### Records shown
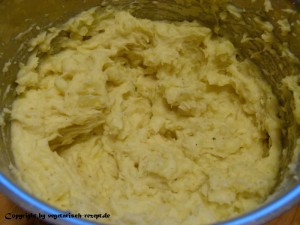 Tip: Es ist wichtig, dass die Kartoffeln noch sehr heiß sind, denn nur dann kann die Stärke in den Kartoffeln tun, was sie soll … nämlich Milch und Fett binden und so einen schön saftigen Kartoffelbrei / -püree präsentieren.
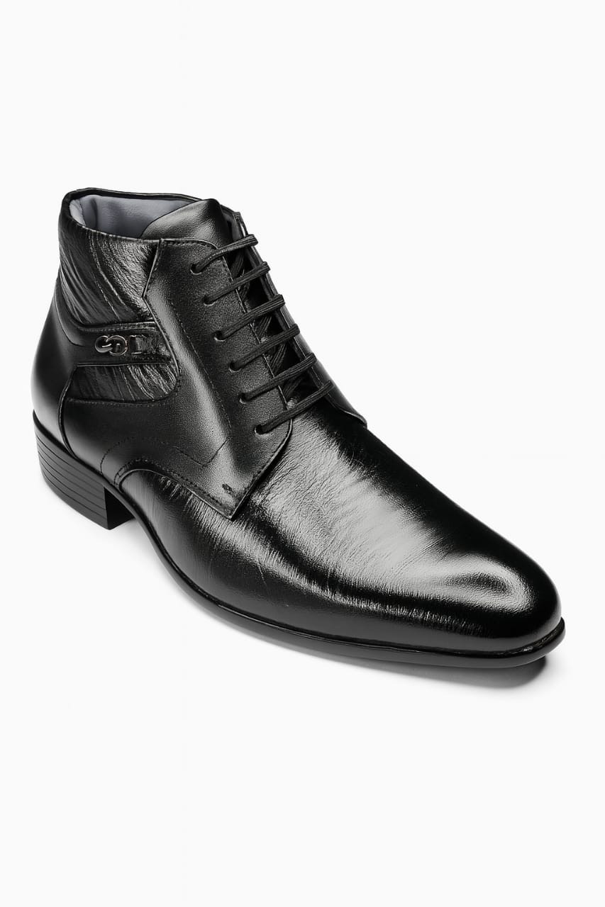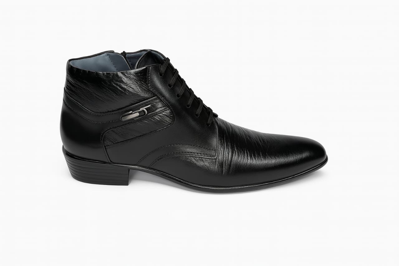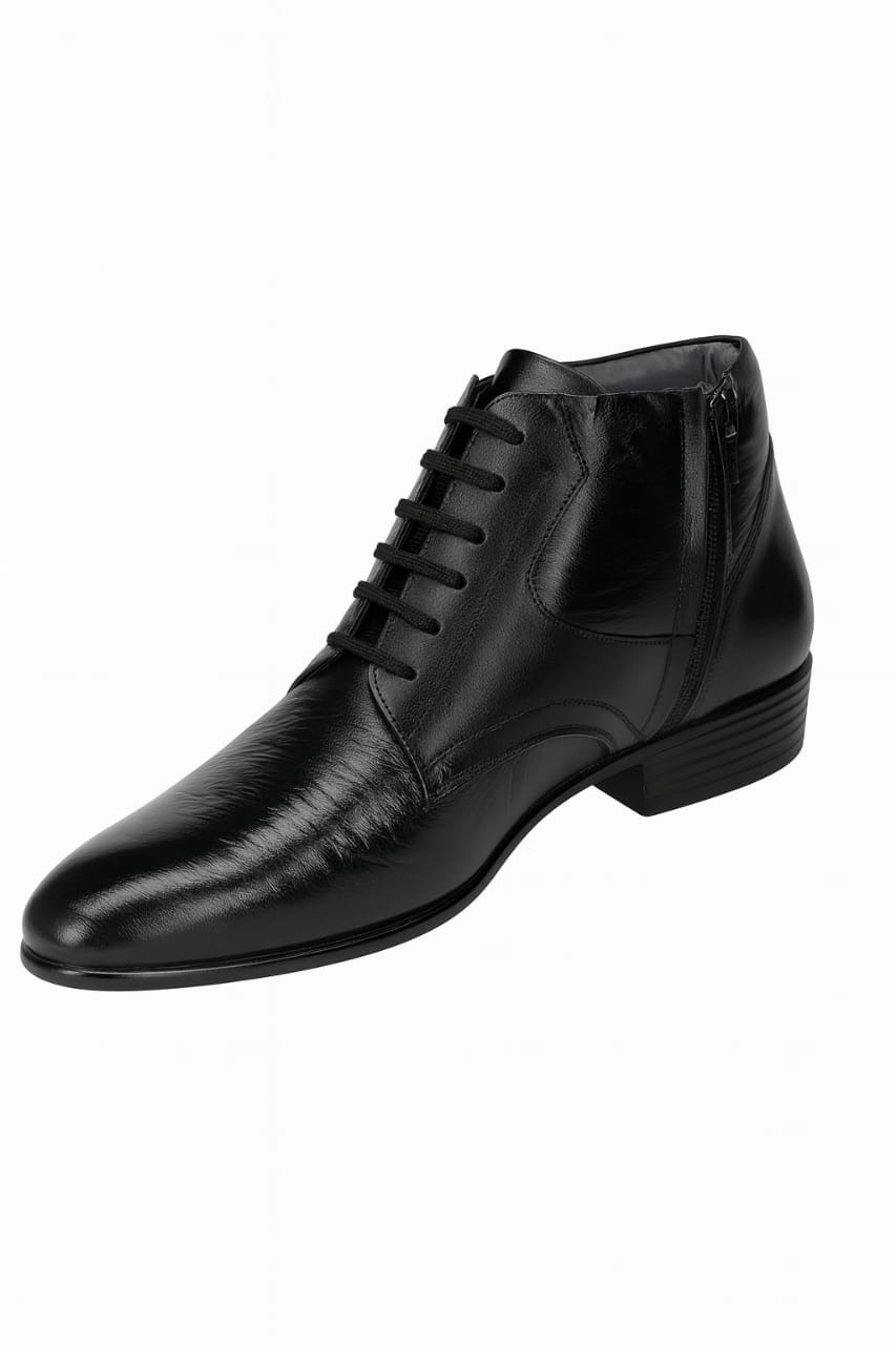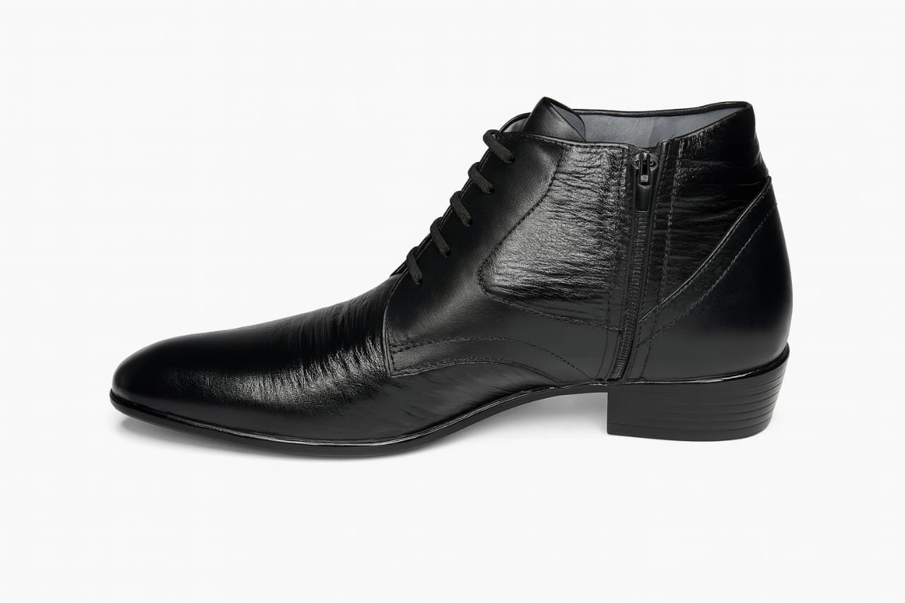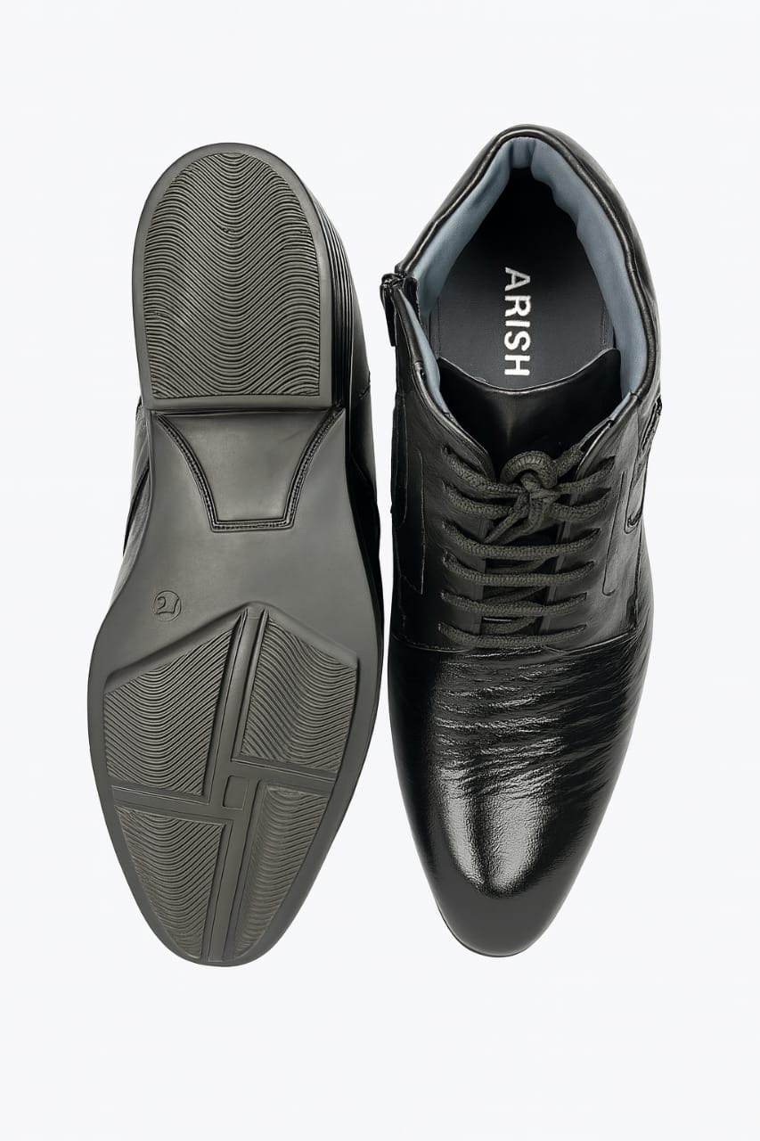 Elevate your formal wardrobe with the Arisho Executive Zip Ankle Boot. Expertly crafted from smooth, high-quality leather, this ankle boot blends timeless Derby lines with a discreet side zipper for quick on-and-off wear. The sleek, tapered toe and subtle stitching create a refined silhouette that shines at the office and at evening events. Inside, a cushioned footbed supports long days while the non-slip, durable outsole provides dependable traction. Finished in deep black with polished accents, this boot is an effortless match for suits, dress trousers, and smart-casual looks — a versatile staple for the modern gentleman.
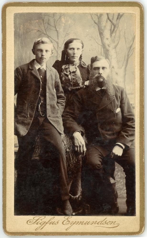 Séra Ólafur Ólafsson í Arnarbæli, kona hans, Guðríður Guðmundsdóttir og Guðmundur, sonur þeirra.
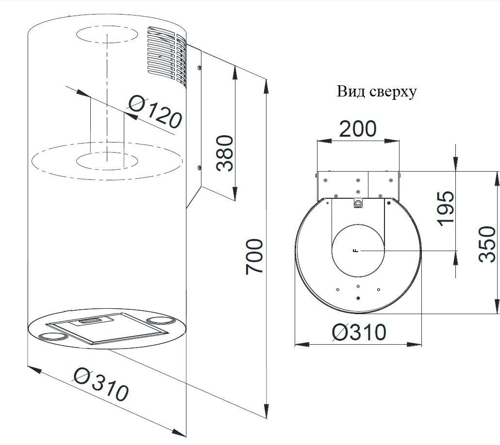 Вытяжка каминная Weissgauff Tubus 700 PB WH белый управление: кнопочное (1 мотор)
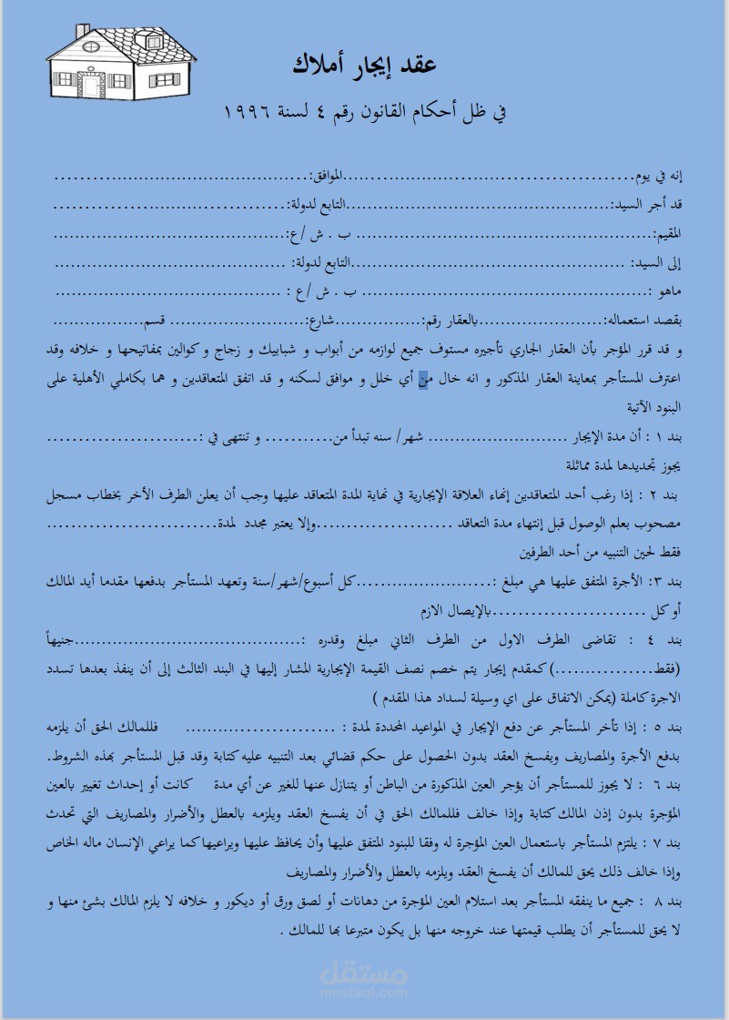 عقد إيجار أملاك
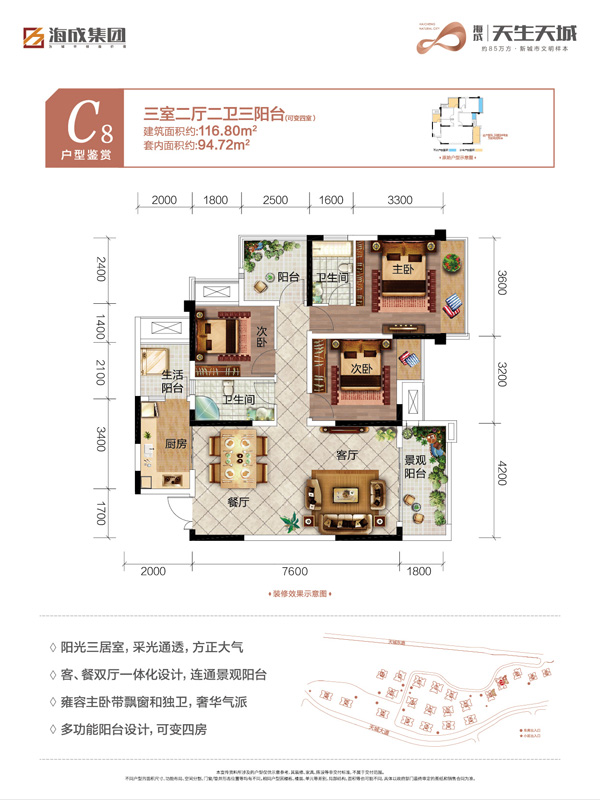 海成·天生天城,位于周家坝心连心广场旁,占据城北核心位置,帷幄城市稀贵土地,扛鼎万州战略发展区域;项目汇集丰富业态,以双城市公园、菁英医教、智慧社区、社区商业中心、生态商业公园、文旅休闲街区、主题旅游景区、格调餐饮、半山民宿等多元配套,为业主提供美好居家体验;同时以星级物业、五彩生活家体系、全龄架空层等匠心设计为一体;融合休闲、娱乐、健康、医教、文旅等元素,构筑多功能全能生活圈;三好生活大城始于一座天生天城。

### Problem details
Please print exactly the lines from the one holding "Вытяжка каминная Weissgauff" through the final line of the data above, including both, and skip all pictures.

### Solution to this problem
 Вытяжка каминная Weissgauff Tubus 700 PB WH белый управление: кнопочное (1 мотор)
 عقد إيجار أملاك
 海成·天生天城,位于周家坝心连心广场旁,占据城北核心位置,帷幄城市稀贵土地,扛鼎万州战略发展区域;项目汇集丰富业态,以双城市公园、菁英医教、智慧社区、社区商业中心、生态商业公园、文旅休闲街区、主题旅游景区、格调餐饮、半山民宿等多元配套,为业主提供美好居家体验;同时以星级物业、五彩生活家体系、全龄架空层等匠心设计为一体;融合休闲、娱乐、健康、医教、文旅等元素,构筑多功能全能生活圈;三好生活大城始于一座天生天城。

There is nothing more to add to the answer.